This article was originally written for, and published by, New Business magazine in June 2022.
In the digital age, people crave connectivity. This has catalysed a burst of innovation within the B2B events industry, with hybrid and virtual events multiplying around the globe. Today, it is important that the industry sustains this level of innovation. By unlocking the full potential of events, businesses will be able to form relationships to drive growth and create environments that enable them to thrive. Chief Strategy Officers can play a key role in helping to achieve this goal.
Chief Strategy Officers, with their broad outlook and deep insight not only into their own business but also often into their clients’ businesses, can play a role in helping business leaders to re-calibrate their view of events. They can help them see events less as one-off occurrences and more as central parts of extended marcomms strategies. They can help to clarify messaging and use audience profiling and insight to create environments and enriched content, which bring people together, and where moments of real engagement can happen.
Creating environments of true connectivity
People have become used to instant connectivity thanks to the rise of virtual events and a wider range of ways to socialise via digital means. The ability to connect with others at the click of a button is now entirely normalised – but, particularly in the case of B2B events, does this enable truly meaningful engagement?
Real connections are built when delegates feel secure to be the truest version of themselves. Event environments should foster this sense of security, for example by providing an accessible mix of virtual and in-person content. This improves connectivity among audience members, but also among delegates and sponsors or the host company. This is very beneficial for both businesses and marketeers.
Chief Strategy Officers plays a key role in achieving this goal, as they prioritise the focus to be on understanding the needs of an audience before an event has event started. This could be, for example, through a simple questionnaire that attendees submit as they register for a ticket, or data gathered from online profiling ahead of the event. Using this information, as well as material gathered throughout the event, a Chief Strategy Officer and their team can design an environment of true connectivity.
Building truly engaged communities
Businesses need to reassess their view of events and see them as opportunities to build truly engaged communities, which will be long-lasting and contribute to their success. Chief Strategy Officers are well placed to oversee this process with their focus on initiatives that help to drive business’ long-term growth.
This ability to build supportive communities is in part due to the ever-increasing capabilities of event platforms, which collect huge amounts of invaluable audience data and gather it into a central pool of insights. If events – both in-person and virtual – are considered as part of a series, this data can be used to ensure that the connection between brand and audience is deepened and sustained.

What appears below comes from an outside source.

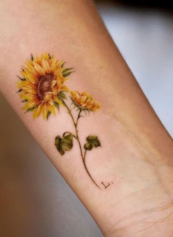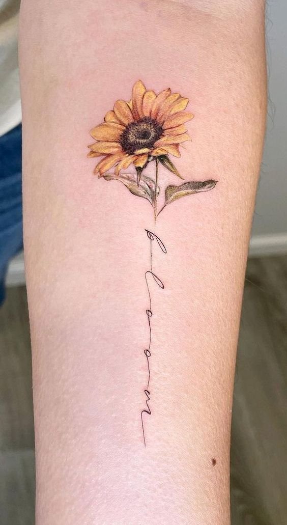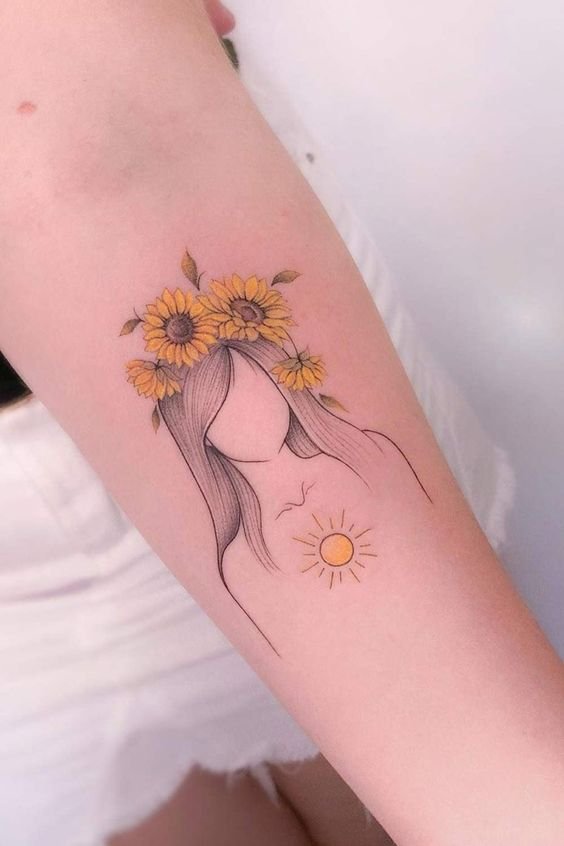 The history of the flower’s symbolism begins in the time of ancient Greece. In ancient Greek mythology, the aquatic nymph Clitia, unrequitedly in love with the god Apollo, was constantly watching his golden chariot sweep through the sky and turned into a sunflower. The flower’s special feature is the turn of the bud towards the sun. Both Clitius followed Apollo’s chariot and the sunflower followed the celestial light. Reasons for getting a sunflower tattoo:

Post-event reports can show where interactions happened at an event, what topics were popular in Q&As, how long attendees spent viewing content, if any warm leads were developed, and much more. These insights can be deployed to make sure that a company’s events are constantly evolving and improving. They can also inform how messaging and content is delivered to have maximum impact.

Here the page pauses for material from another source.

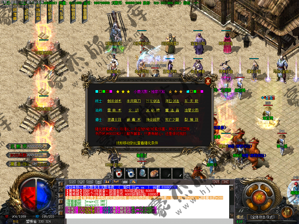 技能方面,请详细查看土城技能使者,可以强化,高级技能需要书页(靠打怪获得)

Delivering more effective engagement
Chief Strategy Officers can also help develop events as an arena for connectivity that will drive interactions among all levels of stakeholders. Both in-person and virtual events provide great opportunities to make this happen.

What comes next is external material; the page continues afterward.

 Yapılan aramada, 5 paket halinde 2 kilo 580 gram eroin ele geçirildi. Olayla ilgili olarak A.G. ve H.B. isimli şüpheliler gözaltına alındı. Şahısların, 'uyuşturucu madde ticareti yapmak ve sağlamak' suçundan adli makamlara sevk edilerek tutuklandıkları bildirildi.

In-person events have the great advantage of face-to-face contact with few boundaries to the interaction of the host, clients, and other delegates. On the other hand, virtual platforms have the unique capability of allowing attendees to engage with each other in whichever manner they feel most comfortable – and location isn’t a barrier.
In both cases, several separate audiences can come together, across many locations and in different formats. This builds a connected community, all of whom will have a much more meaningful relationship with the host business as a result. A Chief Strategy Officer will keep this as the guiding principle of delivering effective events – all of which contribute value to a longer-term communications strategy.
Deepening connection with internal stakeholders
Another aspect of the role of Chief Strategy Officer in the context of events, is deepening connections with a client’s internal stakeholders. With each of our clients, we establish relationships with a wide range of departments. This makes it much more likely that the vision for a single or series of events and their role in a company’s communications strategy will be understood, embraced and shared throughout the company.
Recently, this has meant connecting with our clients’ HR departments, or people who oversee employee engagement. Collaborating with these departments means that internal communications are crystallised and harmonised to match any external messaging. This consistency will feed into the improved external engagement, which events can deliver.
Delivering enhanced networks and connections
The knowledge that we have gained throughout the pandemic should not go to waste. Innovation has seen virtual and hybrid events flourish, with emerging technology helping to gather an unprecedented wealth of rich audience data and insight. Coupled with the efforts made to make events as inclusive and accessible as possible, the sector’s landscape has transformed. Rather than thinking of a return to the past, events businesses should be assessing how they can make the events of the future even more relevant, even more effective and even more central to their corporate clients’ business success.
Authored by Stephen D. Pickett, Chief Strategy Officer at Live Group.